** Supplied information follows **

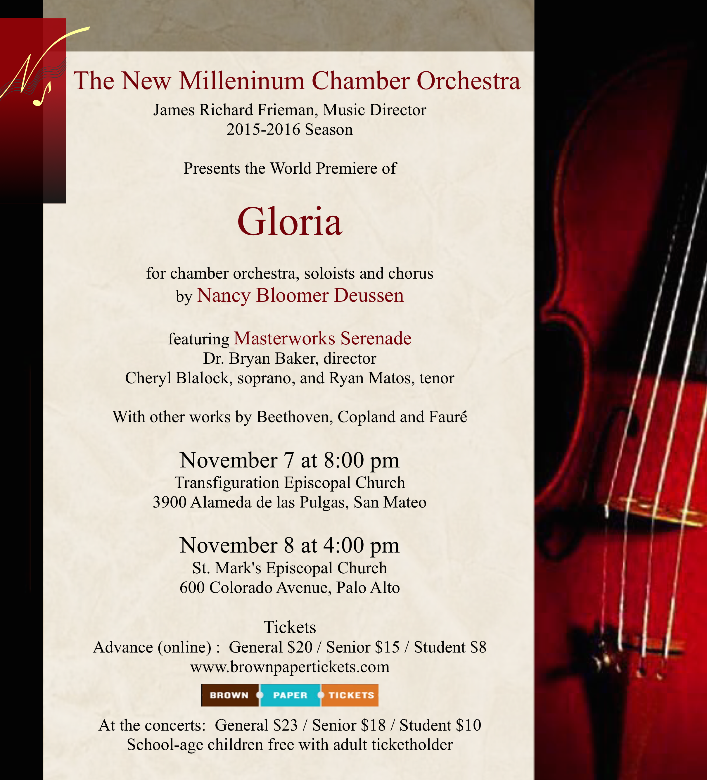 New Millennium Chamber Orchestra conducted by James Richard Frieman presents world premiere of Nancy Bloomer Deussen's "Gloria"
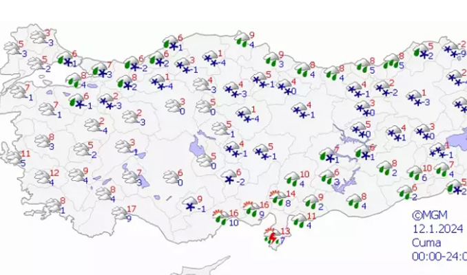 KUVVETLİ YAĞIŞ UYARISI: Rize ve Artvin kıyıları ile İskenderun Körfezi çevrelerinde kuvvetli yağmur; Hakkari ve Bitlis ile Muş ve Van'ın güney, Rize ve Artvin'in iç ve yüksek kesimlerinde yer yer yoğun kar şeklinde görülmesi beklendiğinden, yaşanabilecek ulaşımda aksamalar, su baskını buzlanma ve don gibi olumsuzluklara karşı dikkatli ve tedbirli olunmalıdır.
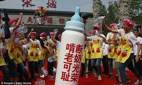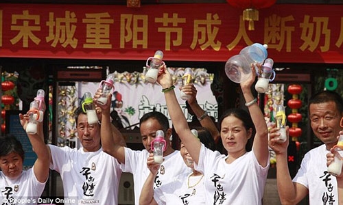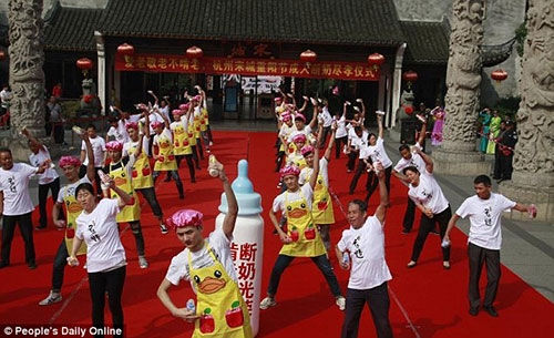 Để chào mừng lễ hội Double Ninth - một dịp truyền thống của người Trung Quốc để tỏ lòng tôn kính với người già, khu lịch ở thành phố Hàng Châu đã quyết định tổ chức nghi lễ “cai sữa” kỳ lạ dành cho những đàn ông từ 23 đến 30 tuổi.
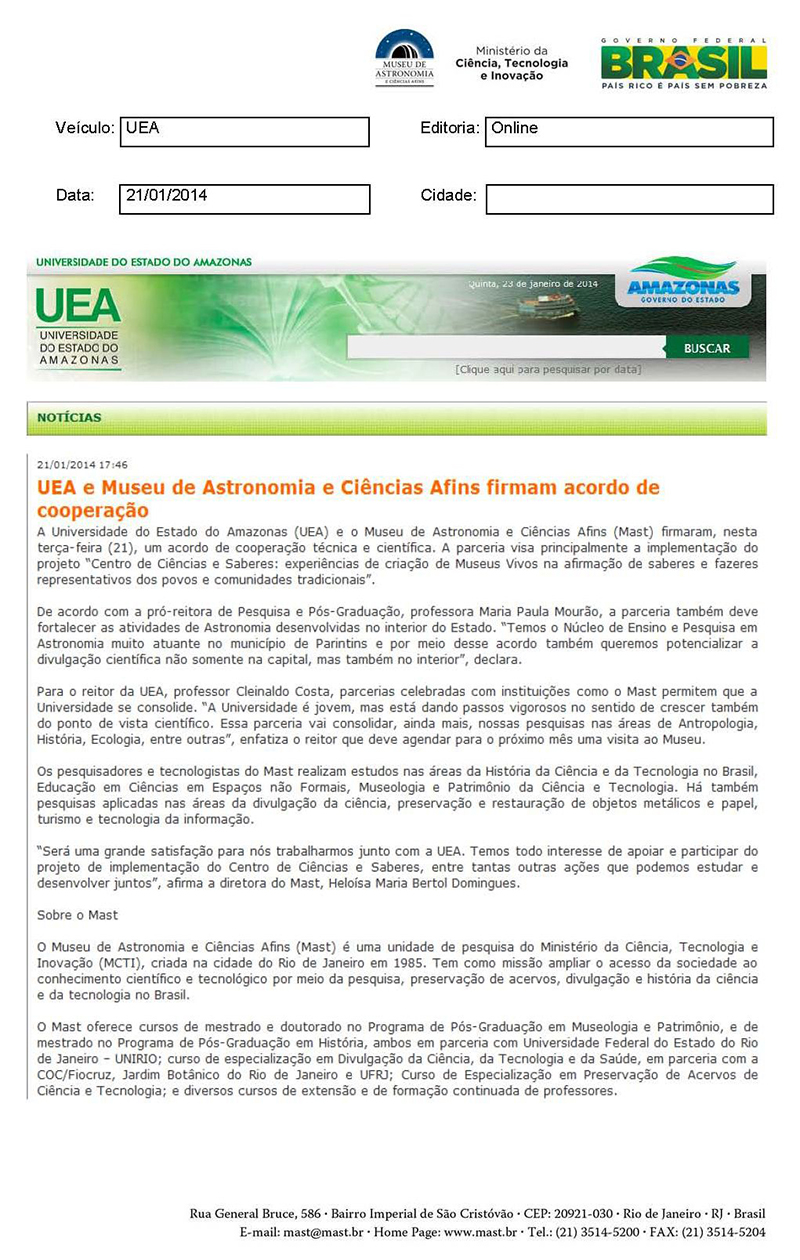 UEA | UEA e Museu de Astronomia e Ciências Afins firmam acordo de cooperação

** End of Supplied information **

What you have to do:
From the first line to the last, give the data again exactly, but without pictures.

Answer for this exercise:
 New Millennium Chamber Orchestra conducted by James Richard Frieman presents world premiere of Nancy Bloomer Deussen's "Gloria"
 KUVVETLİ YAĞIŞ UYARISI: Rize ve Artvin kıyıları ile İskenderun Körfezi çevrelerinde kuvvetli yağmur; Hakkari ve Bitlis ile Muş ve Van'ın güney, Rize ve Artvin'in iç ve yüksek kesimlerinde yer yer yoğun kar şeklinde görülmesi beklendiğinden, yaşanabilecek ulaşımda aksamalar, su baskını buzlanma ve don gibi olumsuzluklara karşı dikkatli ve tedbirli olunmalıdır.
 Để chào mừng lễ hội Double Ninth - một dịp truyền thống của người Trung Quốc để tỏ lòng tôn kính với người già, khu lịch ở thành phố Hàng Châu đã quyết định tổ chức nghi lễ “cai sữa” kỳ lạ dành cho những đàn ông từ 23 đến 30 tuổi.
 UEA | UEA e Museu de Astronomia e Ciências Afins firmam acordo de cooperação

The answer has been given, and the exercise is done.